Вот вам первый способ остановить русский танк: засунуть лом или бревно в ходовую часть! Один наш солдат, Виену Лойма, здоровенный такой лось из Лоймаа, так и решил действовать. Припас заранее здоровенный лом, и когда на него пошел русский танк, сунул его под каток. Лом со страшным скрежетом обернулся вокруг гусеницы и выпал сзади, не причинив танку никакого вреда. Тогда упертый, как все лоймайцы, Виену схватил толстенное бревно и сунул его в гусеницу. Бревно тут же превратилось в охапку зубочисток, которых хватило бы на целую роту! А танк поехал себе дальше…
Способ второй: стрельба из дробовика в упор по смотровым приборам танка.
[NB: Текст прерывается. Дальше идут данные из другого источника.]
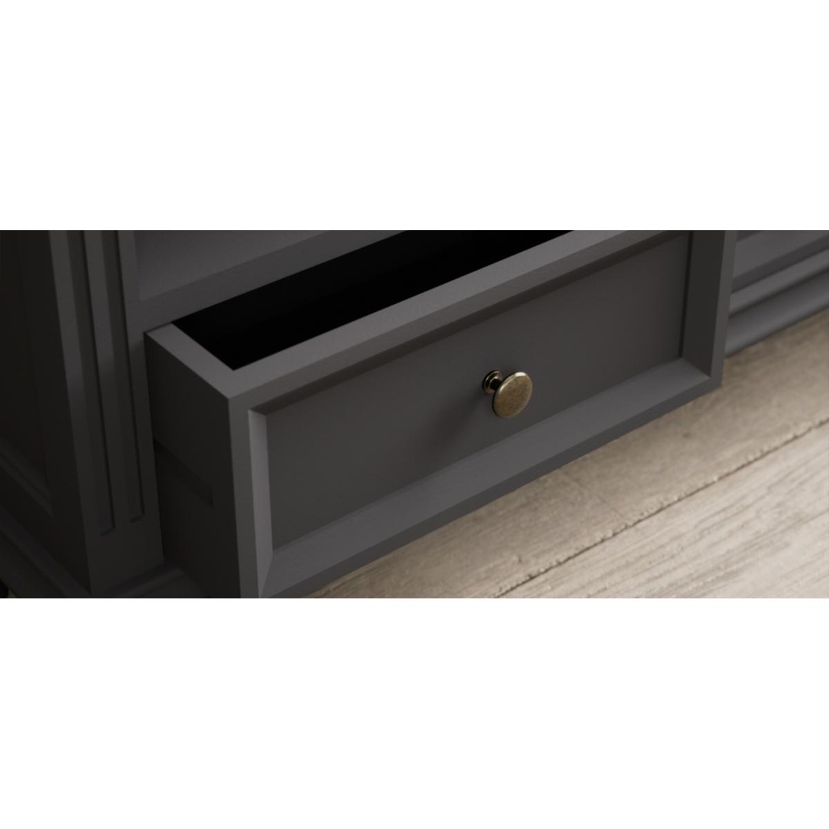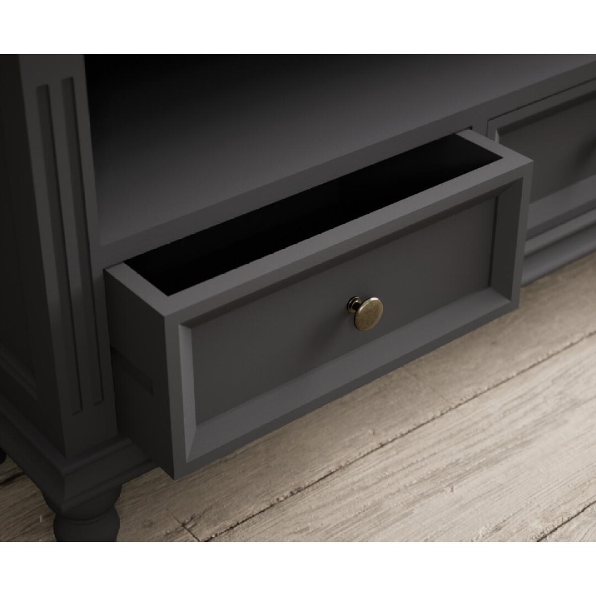 I’m a fan of this corner TV unit for its smart mix of warm oak and deep charcoal paint - it brings contrast without overwhelming a room. Its compact footprint suits smaller living areas or snug media corners, and the turned legs plus moulded drawer fronts add just enough character for both contemporary and classic schemes. To style, tuck a slim soundbar or streaming box in the open shelf and hide games or cables in the drawers. On top, a couple of low-profile plants or a pair of matching ceramic vases will keep sightlines clear for your screen. As the finish is a versatile neutral, it sits equally well against sage-green walls, soft greys or even a crisp white backdrop.
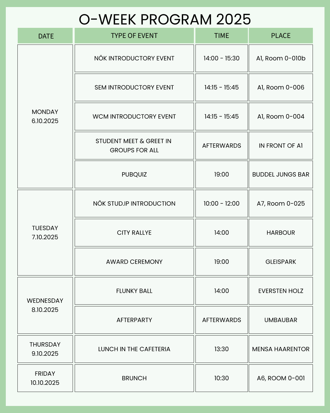 During the week of 6 - 10 October 2025, before the official start of lectures, we want to give you the opportunity to get to know each other in peace and quiet, to get an overview of the campus and the city, and to find out what to expect in the coming months! There will be a mixture of information, games and fun. You will also be accompanied throughout the programme by mentors from the higher semesters, who will be available to answer any questions you may have about your studies or anything else.

Вилли Ваттонен привез из дому на фронт дробовик. И когда танк поехал прямо на него, встал, и ударил картечью по смотровым приборам! В ответ танк ударил из пулеметов. Бедный Ваттонен…
Наш фенрик Ильманен, в мирной жизни адвокат, написал авторам строгую претензию. В ответ они прислали нам телеграмму, в которой просили нас русских танков не бояться, и рекомендовали убирать и перепутывать с развилок дорожные указатели, чтобы русские танки в нашем тылу заблудились…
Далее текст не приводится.